INPUT DATA below:
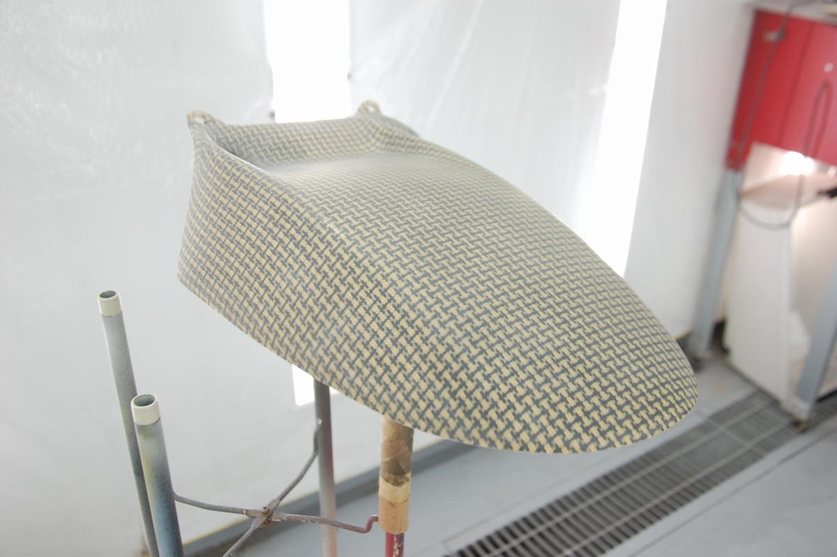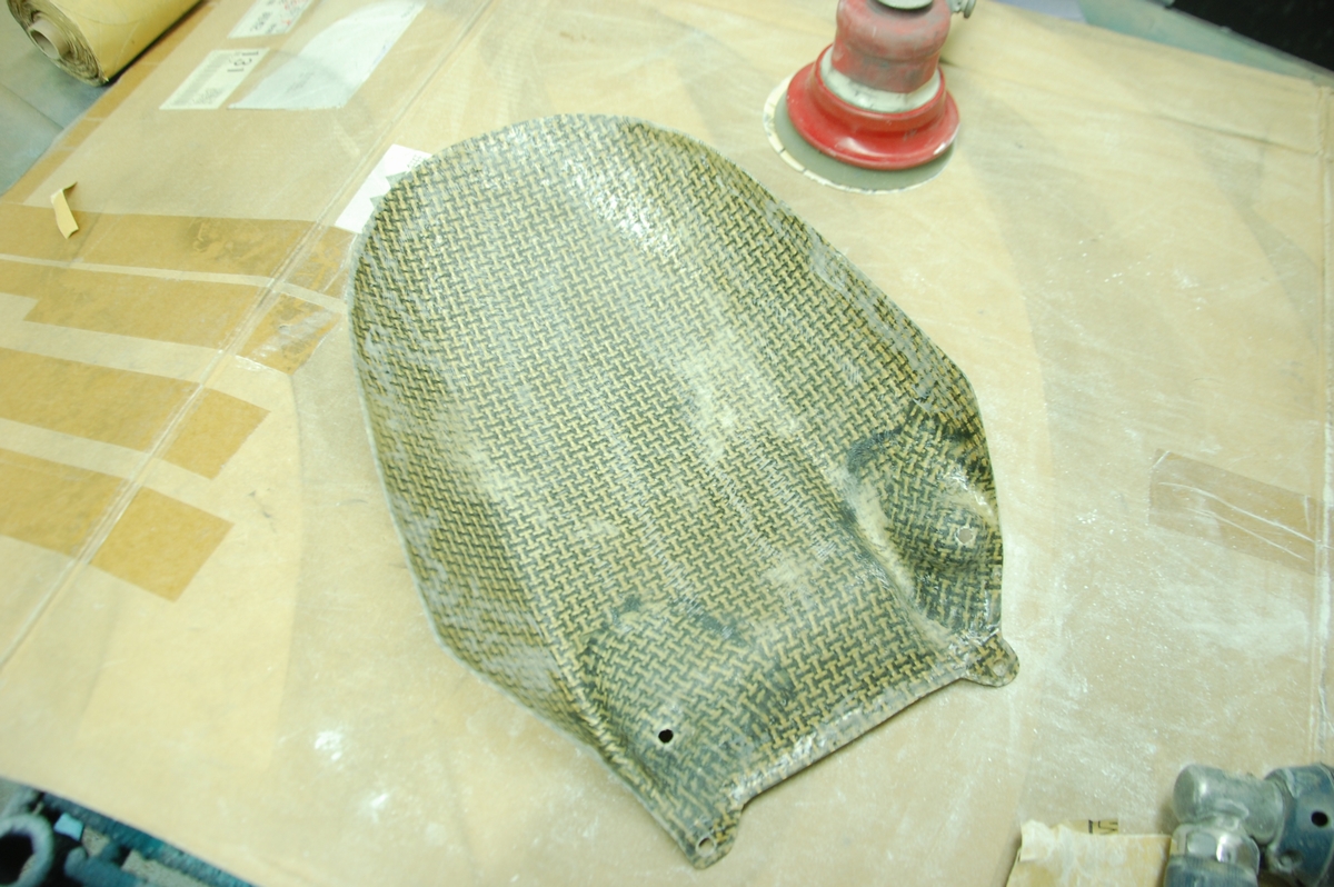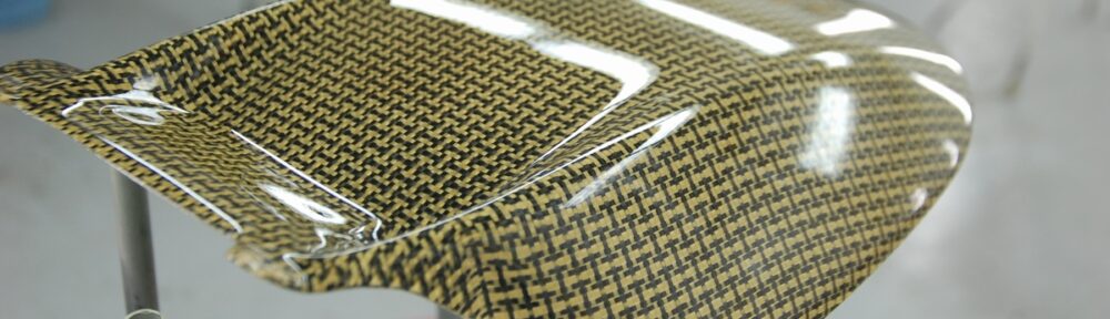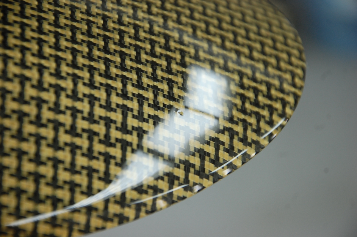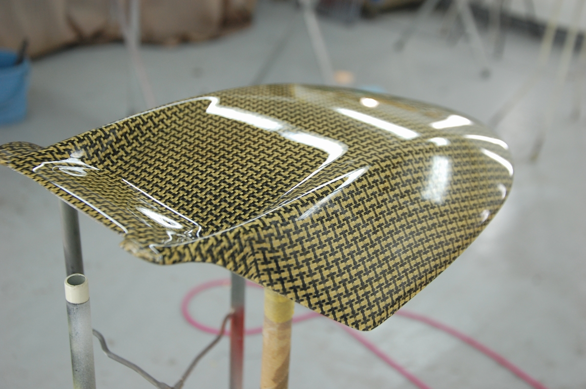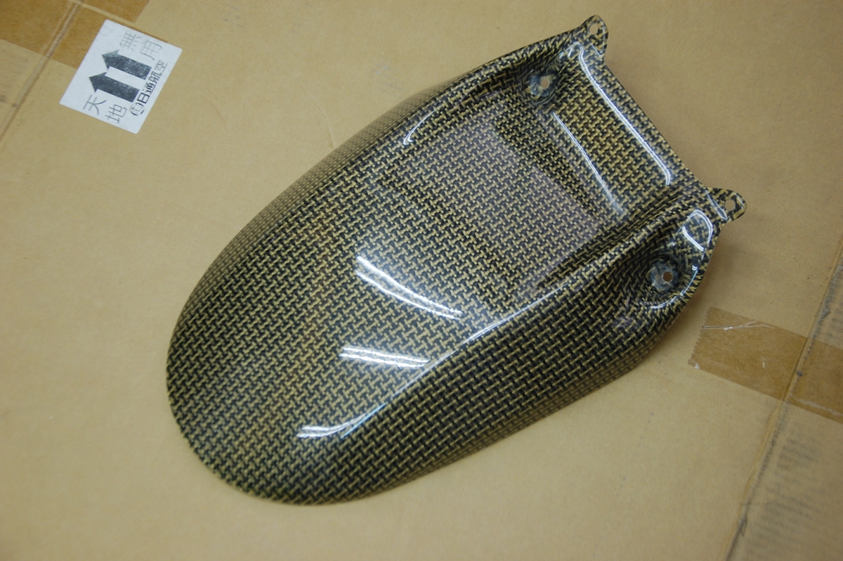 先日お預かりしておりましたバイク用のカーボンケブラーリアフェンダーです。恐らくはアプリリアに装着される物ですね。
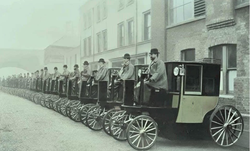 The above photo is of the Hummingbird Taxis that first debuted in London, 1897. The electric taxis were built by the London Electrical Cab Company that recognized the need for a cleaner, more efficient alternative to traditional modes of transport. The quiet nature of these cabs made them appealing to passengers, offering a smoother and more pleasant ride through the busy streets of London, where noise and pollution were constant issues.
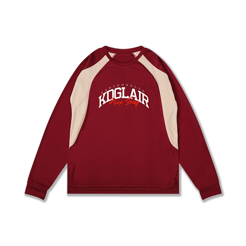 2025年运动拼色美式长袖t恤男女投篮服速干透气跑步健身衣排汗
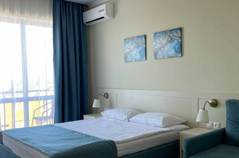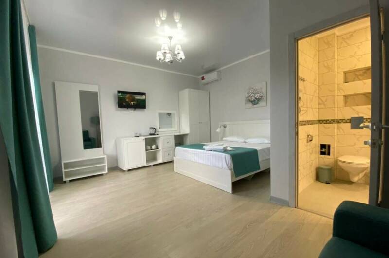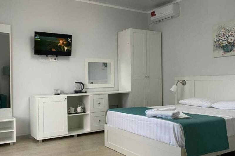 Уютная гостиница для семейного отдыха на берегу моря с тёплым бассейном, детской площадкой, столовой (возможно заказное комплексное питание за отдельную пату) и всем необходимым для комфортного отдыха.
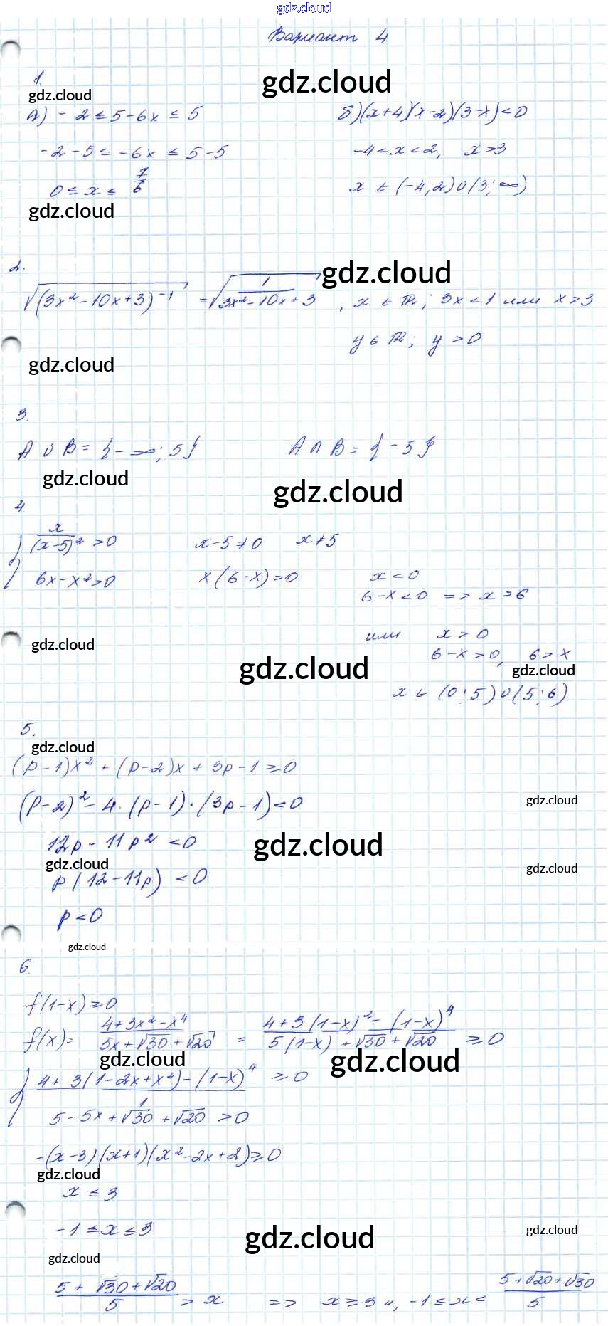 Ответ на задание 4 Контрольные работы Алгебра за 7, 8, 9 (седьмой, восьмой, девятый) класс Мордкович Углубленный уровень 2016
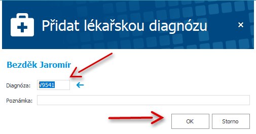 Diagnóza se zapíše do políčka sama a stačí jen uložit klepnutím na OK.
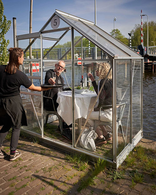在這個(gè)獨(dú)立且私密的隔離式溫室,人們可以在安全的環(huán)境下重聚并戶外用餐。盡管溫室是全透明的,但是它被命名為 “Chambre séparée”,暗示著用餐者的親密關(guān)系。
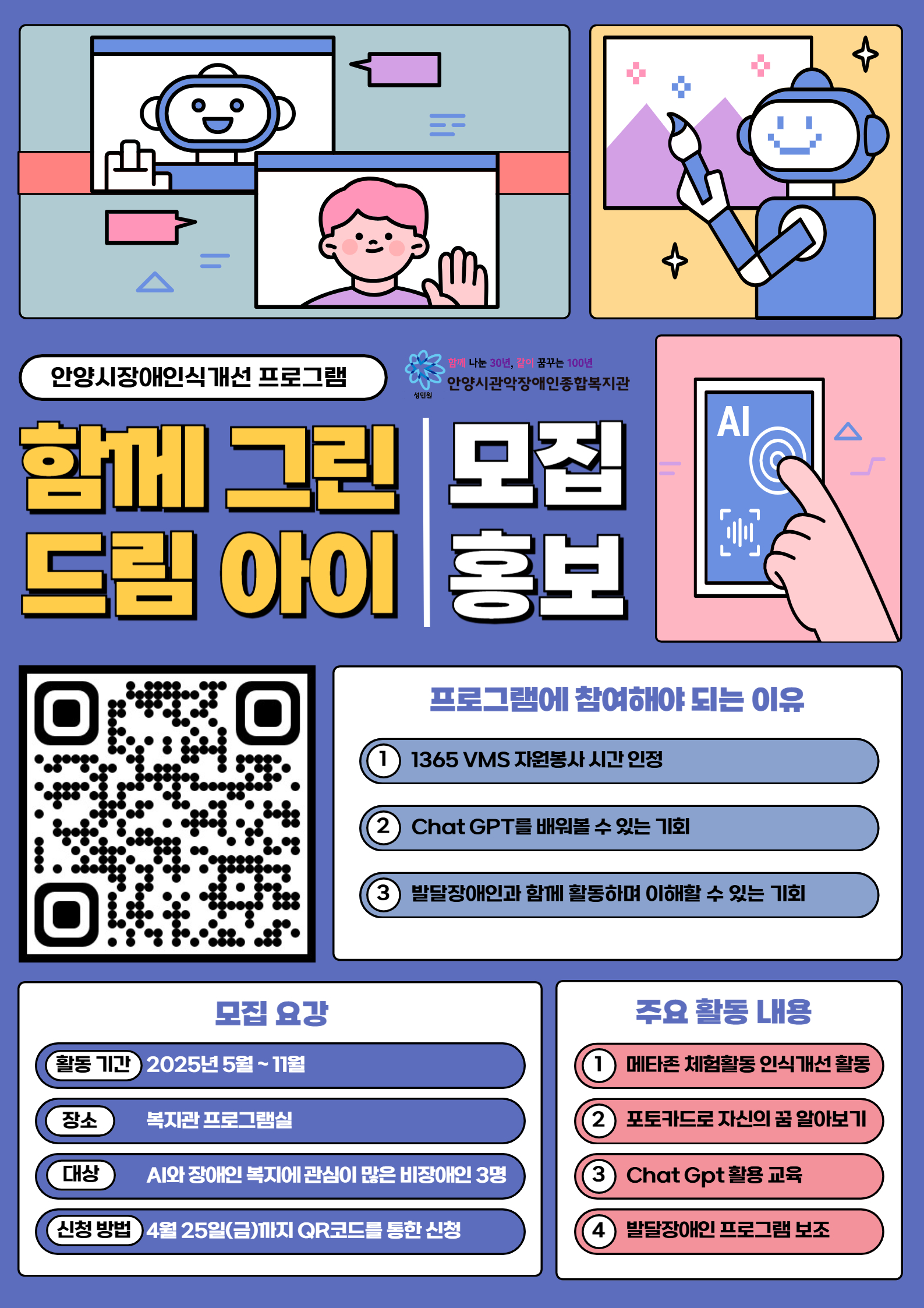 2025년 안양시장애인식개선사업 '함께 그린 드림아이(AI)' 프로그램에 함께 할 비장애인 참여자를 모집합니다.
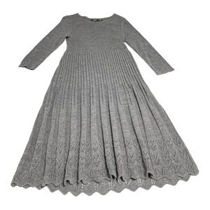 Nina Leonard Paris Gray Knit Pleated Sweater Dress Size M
End of INPUT DATA.
Retype the data word for word and keep the pictures out of it.

 先日お預かりしておりましたバイク用のカーボンケブラーリアフェンダーです。恐らくはアプリリアに装着される物ですね。
 The above photo is of the Hummingbird Taxis that first debuted in London, 1897. The electric taxis were built by the London Electrical Cab Company that recognized the need for a cleaner, more efficient alternative to traditional modes of transport. The quiet nature of these cabs made them appealing to passengers, offering a smoother and more pleasant ride through the busy streets of London, where noise and pollution were constant issues.
 2025年运动拼色美式长袖t恤男女投篮服速干透气跑步健身衣排汗
 Уютная гостиница для семейного отдыха на берегу моря с тёплым бассейном, детской площадкой, столовой (возможно заказное комплексное питание за отдельную пату) и всем необходимым для комфортного отдыха.
 Ответ на задание 4 Контрольные работы Алгебра за 7, 8, 9 (седьмой, восьмой, девятый) класс Мордкович Углубленный уровень 2016
 Diagnóza se zapíše do políčka sama a stačí jen uložit klepnutím na OK.
在這個(gè)獨(dú)立且私密的隔離式溫室,人們可以在安全的環(huán)境下重聚并戶外用餐。盡管溫室是全透明的,但是它被命名為 “Chambre séparée”,暗示著用餐者的親密關(guān)系。
 2025년 안양시장애인식개선사업 '함께 그린 드림아이(AI)' 프로그램에 함께 할 비장애인 참여자를 모집합니다.
 Nina Leonard Paris Gray Knit Pleated Sweater Dress Size M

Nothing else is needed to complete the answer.